Task requirements:
The reply should hold only the lines from the one with "Рис. 1. Принципы" to the one with "Kaavio 1.1 Naisten", both ends kept, exactly as they appear below, without any pictures.

··· Provided information ···

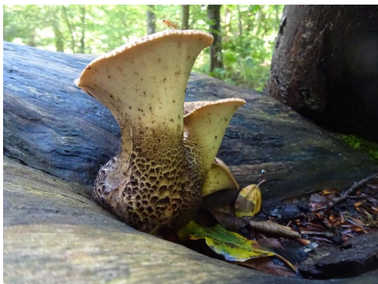
Zadelzwam Polyporus squamosus

Overige waarnemingen: Muis onbekend; Ekster Pica pica ; Zwarte kraai Corvus corone ; Gewone pendelvlieg Helophilus pendulus ; Knoppergalwesp Andricus quercuscalicis
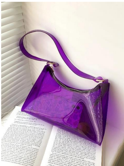
商品名 : クリアバゲットバッグ 価格 : ¥495 コード : sw2107247371186756
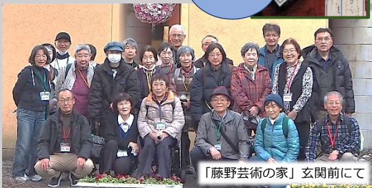
「藤野芸術の家」玄関前にて
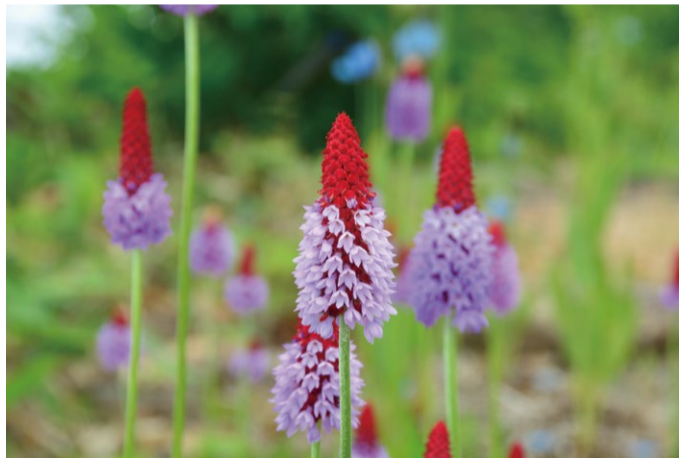
プリムラ・ヴィアリー
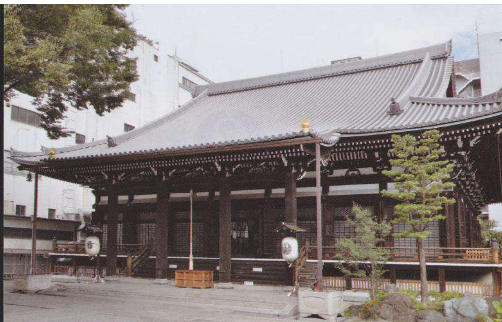
总殿堂有著名的工学博士天沼俊一先生精心设计，室町时代时聚集的木材所建，总面积有(587.4 m 2 )
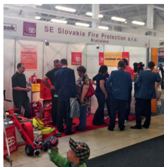
FIRECO TRENCIN (2.–4. Mai 2013)

Voranzeige: Beachten Sie auch unsere Teilnahme an der Messe Sicherheit 2013 in Zürich (12.–15. November 2013)
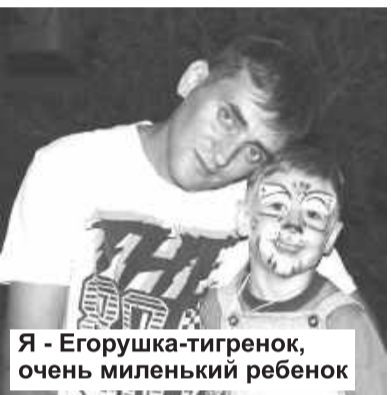
Я - Егорушка-тигренок, очень миленький ребенок
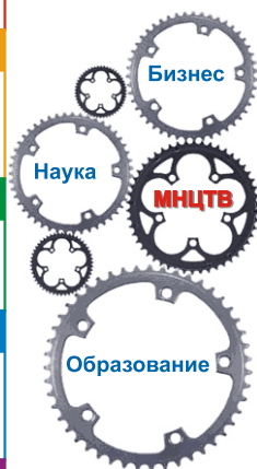
Рис. 1. Принципы создания и функционирования Международного научного центра по проблемам трансграничных взаимодействий в Северной и Северо-Восточной Азии
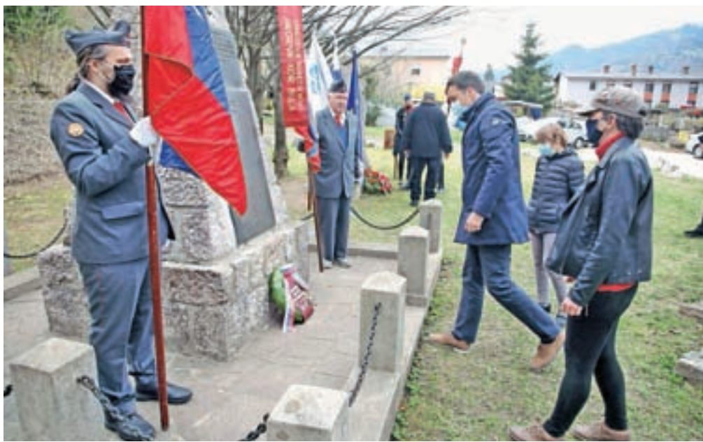
Pred dnevom upora proti okupatorju so se pri spomenikih NOB poklonili tudi v občini Jesenice.

Predsedstvo borčevske organizacije je ob prazniku
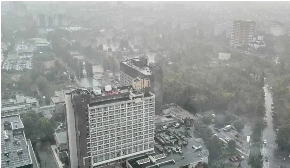
Cula izvoranu geblescu promo?ie
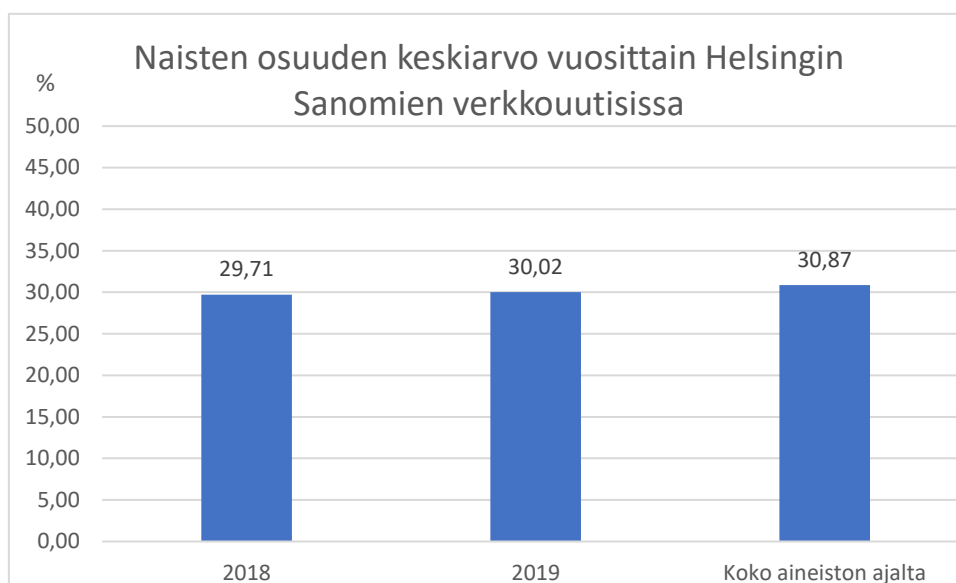
Kaavio 1.1 Naisten osuuden keskiarvo vuosittain Helsingin Sanomien verkkouutisissa.

Sen lisäksi, että määrä on kasvanut hieman, näyttää naisten esiintyvyys hajautuneen ääripäihin erityisesti vuonna 2020. Aineiston kolme korkeinta sekä kolme matalinta lukua esiintyivät kaikki vuonna 2020. Tämän pystyy havainnoimaan myös kaaviosta 1.2 jossa luvut on esitetty aikajanalla. Kaaviosta voidaan havaita, että vuoden 2020 aikana kaaviossa esiintyy aiempia tarkasteluvuosia korkeampia ja matalampia huippukohtia. Tämä tarkoittaa sitä, että vuoden 2020 aikana on esiintynyt päiviä, jolloin naisten määrä on ollut korkeampi tai matalampi kuin aiempina vuosina.
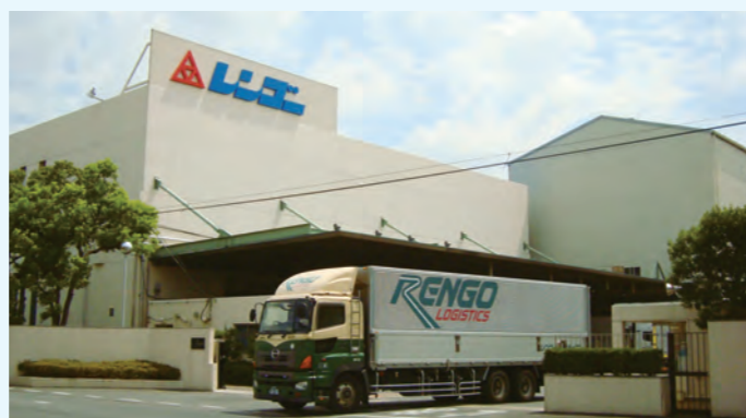
レンゴー八潮工場

八潮工場は昭和39年より操業を開始し、段ボール製造に必要な板紙生産量では国内最大の工場として稼働しています。八潮工場では早くより都市ガスへの燃料転換等、CO 2 排出削減に努めてきましたが、平成21年度の埼玉県地球温暖化対策推進条例施行により、更なる省エネルギー・CO 2 削減の推進が急務となりました。そこで原料から板紙を作る1号抄紙機（しょうしき）では湿紙から水を極限まで搾り出す最新型の高効率シュープレスを導入し、乾燥工程で使用する蒸気の使用量を大幅に削減しました。
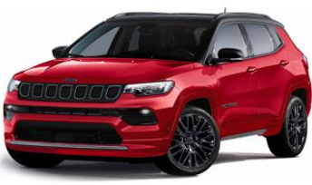
Model S: Colorado Red + Sort Tak
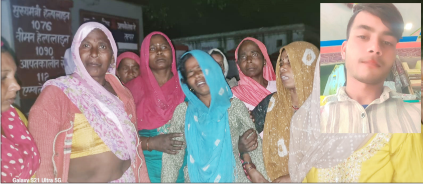
रोते मृतक के परिजन व इनसेटमें फाइल फोटो।

● गुरुवार देर शाम का मामला, बुआ के यहां रहकर बाइक मिस्त्री का काम सीख रहा था युवक जागरण मोर्चा कार्यालय

···

Answer to this problem:
Рис. 1. Принципы создания и функционирования Международного научного центра по проблемам трансграничных взаимодействий в Северной и Северо-Восточной Азии
Pred dnevom upora proti okupatorju so se pri spomenikih NOB poklonili tudi v občini Jesenice.

Predsedstvo borčevske organizacije je ob prazniku
Cula izvoranu geblescu promo?ie
Kaavio 1.1 Naisten osuuden keskiarvo vuosittain Helsingin Sanomien verkkouutisissa.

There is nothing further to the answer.